A surface defect detection system for a machine component of the present embodiment includes a memory and a processor, and the processor executes a computer program stored in the memory to implement the above-described surface defect detection method for a machine component.

The above-mentioned embodiments are only used to illustrate the technical solutions of the present application, and not to limit the same; although the present application has been described in detail with reference to the foregoing embodiments, it should be understood by those of ordinary skill in the art that: the technical solutions described in the foregoing embodiments may still be modified, or some technical features may be equivalently replaced; such modifications and substitutions do not substantially depart from the spirit and scope of the embodiments of the present application and are intended to be included within the scope of the present application.

Claims (9)

1. A method for detecting surface defects of a machine component, the method comprising the steps of:

acquiring an end face image of a metal bearing ring to be detected;

obtaining an edge contour image corresponding to the end face image by utilizing a maximum inter-class variance method and an edge detection operator; carrying out Hough circle detection on the edge contour image to obtain a target annular area and a target circle center coordinate;

obtaining each target defect connected domain in the target annular region and each edge pixel point corresponding to each target defect connected domain by using a seed filling method;

according to the distance between the edge pixel point coordinates and the target circle center coordinates, obtaining first edge lines and second edge lines corresponding to the target defect connected domains; fitting to obtain a first fitting straight line of the first edge line and a second fitting straight line of the second edge line according to the coordinates of each edge pixel point on the first edge line and the coordinates of each edge pixel point on the second edge line;

obtaining the angle difference between the first edge line corresponding to each target defect connected domain and the corresponding second edge line according to the slope of the first fitting straight line and the slope of the second fitting straight line; obtaining each target defect connected domain corresponding to the first defect type according to the angle difference;

recording other target defect connected domains except the target defect connected domains corresponding to the first defect type as connected domains to be judged; fitting to obtain a fitting curve corresponding to each connected domain to be determined according to the distance between each edge pixel point on the first edge line corresponding to each connected domain to be determined and the corresponding first fitting straight line and the distance between each edge pixel point on the second edge line corresponding to each connected domain to be determined and the corresponding second fitting straight line;

and obtaining each defect connected domain corresponding to the second defect type and the defect connected domain corresponding to the third defect type according to the number of the wave troughs on the fitting curve.

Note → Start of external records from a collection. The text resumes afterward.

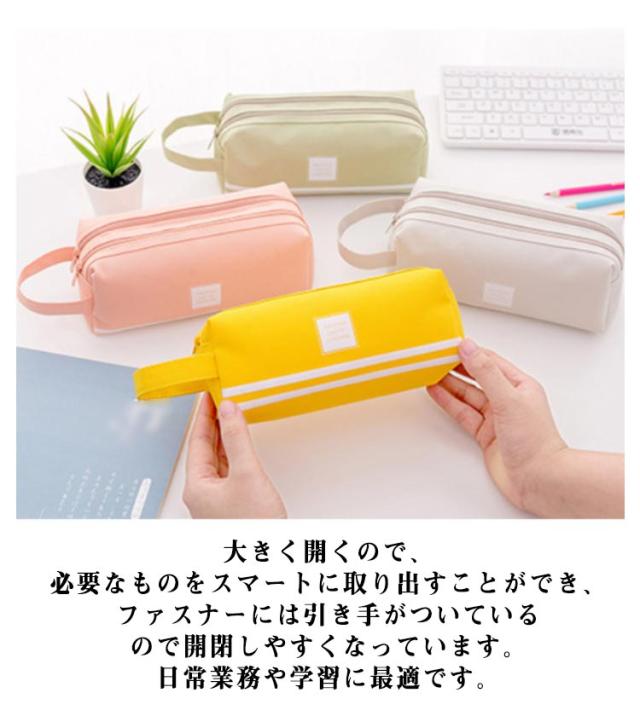 | 【筆箱】【ペン80本収納可能】【大容量】【持ち手付き】 ペン類が約80本入る大容量デザイン。消しゴム、付箋、ハサミ、定規、メジャー、修正テープなどの小物もたっぷり収容できます。 ※収容数はペンの種類によって異なります。 大きく開くので、必要なものをスマートに取り出すことができ、ファスナーには引き手がついているので開閉しやすくなっています。日常業務や学習に最適です。 筆記具などと分けて収容できるので、小物が探しやすく汚れにくいので安心です。持ち手が付いているので持ち運びにも便利で、バッグなどからの取り出しにも便利です。 文房具だけでなく、化粧品、鍵、現金、コイン、ステッカー、ヘッドホンなどの収納にも使えます。それはあなたの人生を混乱から解放するために、小さなものを集めるのに役立ちます。 シンプルでスタイリッシュな筆箱、完璧な復学、女の子、ティーンエージャー、大人、学校用品、事務用品。 | |
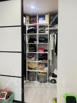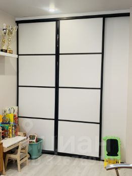 * комната с нишей, в нише оборудована гардеробная, установлена раздвижная перегородка, стеллажи - очень удобная система хранения
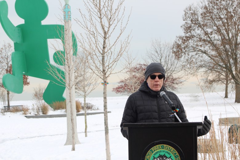 Former State Rep. Greg Harris speaks on World AIDS Day, Dec. 1, 2025, at the AIDS Garden Chicago. Photo by Jake Wittich
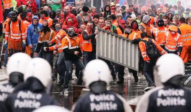 Διαδηλωτές κατέλαβαν νωρίτερα την έδρα του συνδέσμου βιομηχάνων του Βελγίου και στη συνέχεια άρχισαν να συγκρούονται με την αστυνομία.
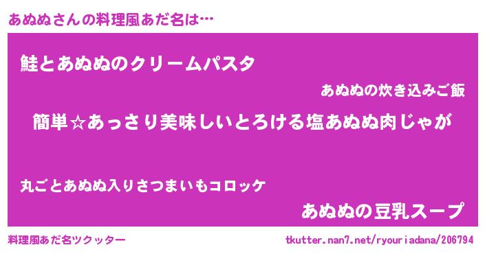 | 意味不明あだ名 | 『永久保存あぬぬ』『ペロリンあぬぬ』 |

2. The method of claim 1, wherein the step of obtaining coordinates of the target annular region and the target center of the circle comprises:

carrying out Hough circle detection on the edge contour image to obtain two Hough circles of which the distance between the circle centers is smaller than a preset distance, and recording the two Hough circles as a target Hough circle;

calculating to obtain the mean value of the circle center coordinates corresponding to the two target Hough circles as the target circle center coordinates; the region range corresponding to the target Hough circle with the smaller radius in the two target Hough circles is a subset of the region range corresponding to the target Hough circle with the larger radius;

recording areas except the area range corresponding to the target Hough circle corresponding to the smaller radius in the area range corresponding to the target Hough circle corresponding to the larger radius as annular areas corresponding to the edge contour image;

setting the pixel value of a pixel point of the annular region to be 1, setting the pixel values of other pixel points except the annular region on the edge contour image to be 0, and recording as a mask image corresponding to the edge contour image;

and multiplying the mask image and the end face image to obtain a target annular region on the end face image.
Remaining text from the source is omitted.